On a personal note, it was pleasant to recall my first visit to Providence, Rhode Island, in 1993, on a quest for the sites mentioned in The Case of Charles Dexter Ward, most of which I located without any guidance. And what a thrill it was, as I strolled along Benefit Street, to recognize "The Shunned House," with its high cellar and steep lawn! I took the very same walk that Charles took, pausing near the river to gaze upon Stamper's Hill as the last rays of the dying sun cast its majestic glow on that mystical old town. Strolling back up the hill to the Bed & Breakfast where I was staying, I felt at one with Lovecraft, as lame as that might sound. But I was young, only nineteen, and reveling in the joy of discovering the first author from whom I gained inspiration. From the very first tale I read by Lovecraft -- "Beyond the Wall of Sleep" -- I knew that I was destined to become a writer. Examining his manuscripts and typescripts at the John Hay Library, under the watchful eye of a very pretty librarian, I discovered just how romantic scholarship can be.
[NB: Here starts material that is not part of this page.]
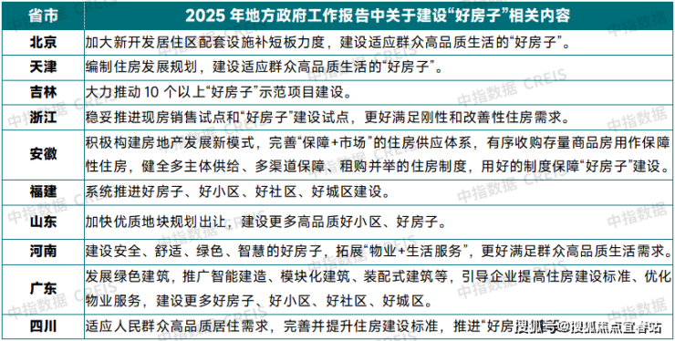 表:2025年部分省市政府工作报告中“好房子”相关内容表述资料来源:各省市政府工作报告,中指研究院综合整理
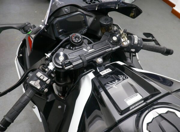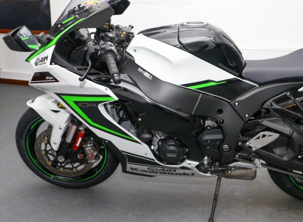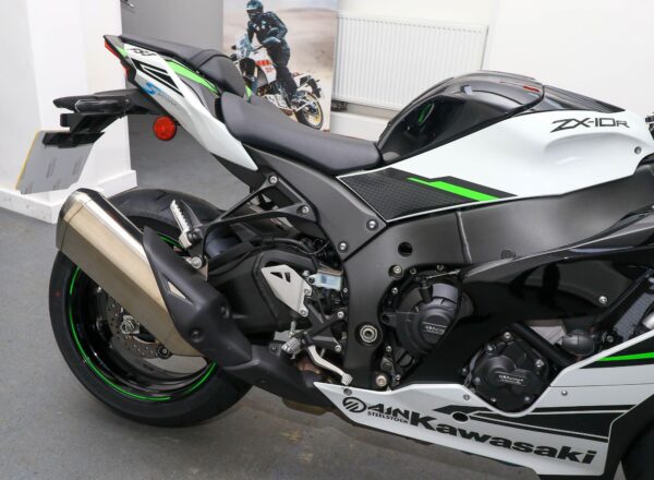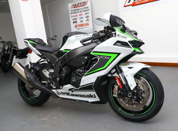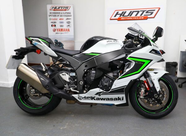 (THIS BIKE IS VAT QUALYFYING) March 2023, ’23 reg. Kawasaki ZX10-R. One owner and JUST 223 MILES from new. Complete with GB Racing engine case covers, frame protectors, front brake lever guard, plus Öhlins and standard steering dampers. DataTag. New tyres just fitted. Previously owned by BSB team FS-3 Racing and used solely as a pillion experience bike. Signed by team rider Max Cook and in superb order throughout. Not to be missed at just £12,495 (VAT inclusive). PLUS : WE’LL DELIVER TO YOUR DOOR ANYWHERE IN MAINLAND UK FOR JUST £99! – Part-Ex and finance/PCP available, please ask for details. Call Hunts Motorcycles on 0161-432 1303. Please note: Some of our stock is stored off-site so please call us before setting off to view any of our pre-owned bikes.

The life of a writer and academician need not be a lonely one. Indeed, the notion that Lovecraft was a recluse is not entirely accurate. He may have had his reclusive moments, especially during intense periods of creativity, but he admitted at one point to "finding psychological solitude more or less of a handicap" (letter to F. C. Clark, March 9, 1924). How true that is! As I had dinner with that lovely librarian at the fine seafood restaurant on the river, talking enthusiastically of Lovecraft, Providence, Renaissance art, and many other things, I found it hard to imagine that there is a "crawling chaos" beneath the bright solid earth upon which we all tread. It took many years -- and many heartbreaks -- to find out that Lovecraft was right. "Loathsomeness waits and dreams in the deep, and decay spreads over the tottering cities of men" ("The Call of Cthulhu").

* * * * *

In addition to the copious and ever-helpful notes by Leslie S. Klinger, this volume contains a useful little Introduction by Alan Moore, for the sake of those who require a bit of preparation and perhaps a touch of warning before delving into this remarkable American literary genius. The selection of stories is not disappointing, but as is to be expected, there are some that I was sorry to se excluded; for example, "He," and "The Rats in the Walls." But that is a minor complaint. In any case, one can easily find these stories online, and it might be rewarding to do some research for one's own annotations. The Appendices are helpful and fun -- The Faculty of Miskatonic University -- and the budding Lovecraft scholar will benefit from the Works and Revisions appendices. This hefty tome belongs on the shelf -- or better yet, open on the desk -- of every Lovecraft enthusiast, and indeed, anyone interested in true literary dark fantasy -- or "horror," if you must.